Credit: Netflix

Netflix Inc. has been indicted by a grand jury in a Texas county on the charge of promoting lewd visuals of a child in the French film Cuties. 

On Tuesday, Matt Schaefer, a member of the Texas House of Representatives, tweeted a copy of a document, filed Sept. 23, which stated that a Tyler County grand jury has indicted Netflix for "promotion of lewd visual material depicting child," citing Texas Penal Code Section 43.262.

The indictment also alleges that the promotion of the film was "authorized or recklessly tolerated by" Netflix Co-CEO and Chairman Reed Hastings and Co-Chief Executive Officer and Chief Content Officer Ted Sarandos.

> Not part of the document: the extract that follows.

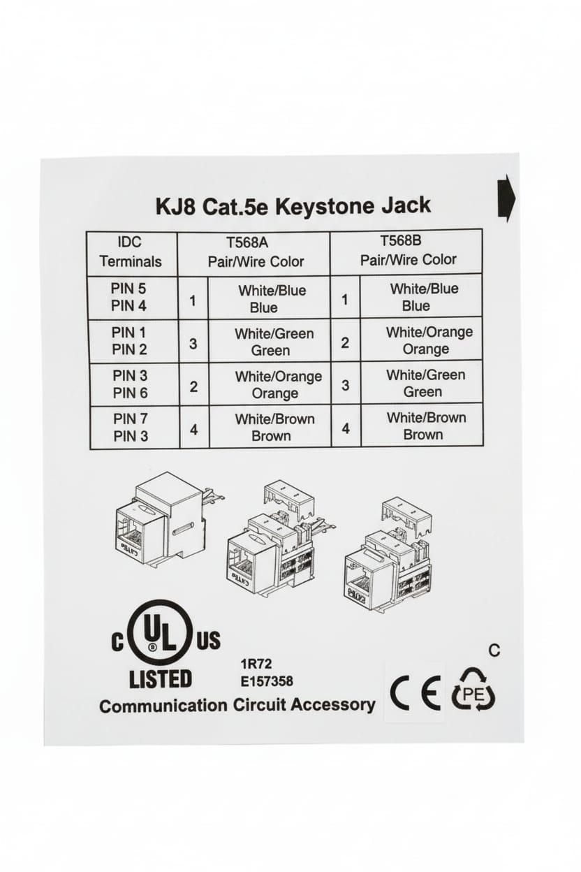 • Wiring Schemes: T568A and T568B (color-coded labels)

A press release from the Tyler County District Attorney's Office on Oct. 5 confirmed the indictment and added that the summons was served to Netflix on Oct. 1. The offense is a state jail felony.

EW has reached out to the Tyler County DA's office and representatives for Netflix for further comment.

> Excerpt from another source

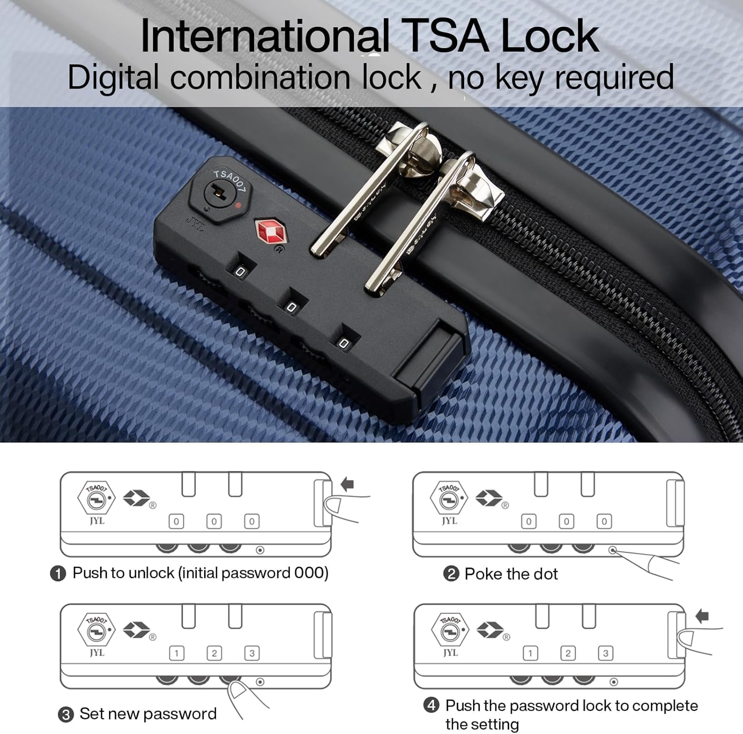 - 【Better Material】This is a suitcases with wheels hardshell,it get benifits from PC material and micro diamond texture on the surface, which is sturdy and scratch resistant,keeping travel suitcase beautiful trip after trip.The lining of this international carry on luggage is also very comfortable, and close fitting clothes can be stored with confidence.

Back in August, the streamer apologized for marketing materials used to promote Cuties, following backlash over a poster that was perceived by many as sexualizing children. The original artwork featured the film's young main characters in suggestive poses and dressed in revealing outfits.

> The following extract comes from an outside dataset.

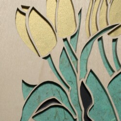 This image is inspired by van Gogh’s Irises series. I love the bold, crisp elements of his irises. I think that they lend themselves to expression in scroll saw art. Bold strokes aside, I think my favorite part of my image is the water line, visible through the clear glass vase. Although I think of tulips as yellow, I think red tulips are in my future, I already have the red paper picked out.

"We're deeply sorry for the inappropriate artwork that we used for Mignonnes/Cuties," a Netflix spokesperson said in a statement. "It was not OK, nor was it representative of this French film which won an award at Sundance. We’ve now updated the pictures and description."

A coming-of-age dramedy directed by French filmmaker Maïmouna Doucouré, Cuties (Mignonnes in French) follows an 11-year-old Senegalese immigrant named Amy who moves to Paris with her family. She becomes fascinated by a dance troupe at her school, which puts her in conflict with her family's traditional Muslim values.

The film has received mixed reactions, with a split in reception from audiences versus critics. On IMDb, viewers gave Cuties a dismal 1.9 out of 10, while on Rotten Tomatoes, which aggregates reviews from critics, it has an 8.6 out of 10.

In an op-ed for The Washington Postdirector Doucouré defended the film and maintained that Cuties was made through a critical lens to "start debate about the sexualization of children in society."

"We, as adults, have not given children the tools to grow up healthy in our society," the filmmaker wrote. "I wanted to open people's eyes to what's truly happening in schools and on social media, forcing them to confront images of young girls made up, dressed up and dancing suggestively to imitate their favorite pop icon. I wanted adults to spend 96 minutes seeing the world through the eyes of an 11-year-old girl, as she lives 24 hours a day. These scenes can be hard to watch but are no less true as a result."

Doucouré added that production was "extremely mindful" of the young performers and a trained counselor was on set.

"There was no nudity except for a one-second shot in which the main characters see the exposed breast of an actress over 18 while watching a video of a dance routine on a grainy mobile screen. The project was even approved by the French government's child protection authorities," she continued.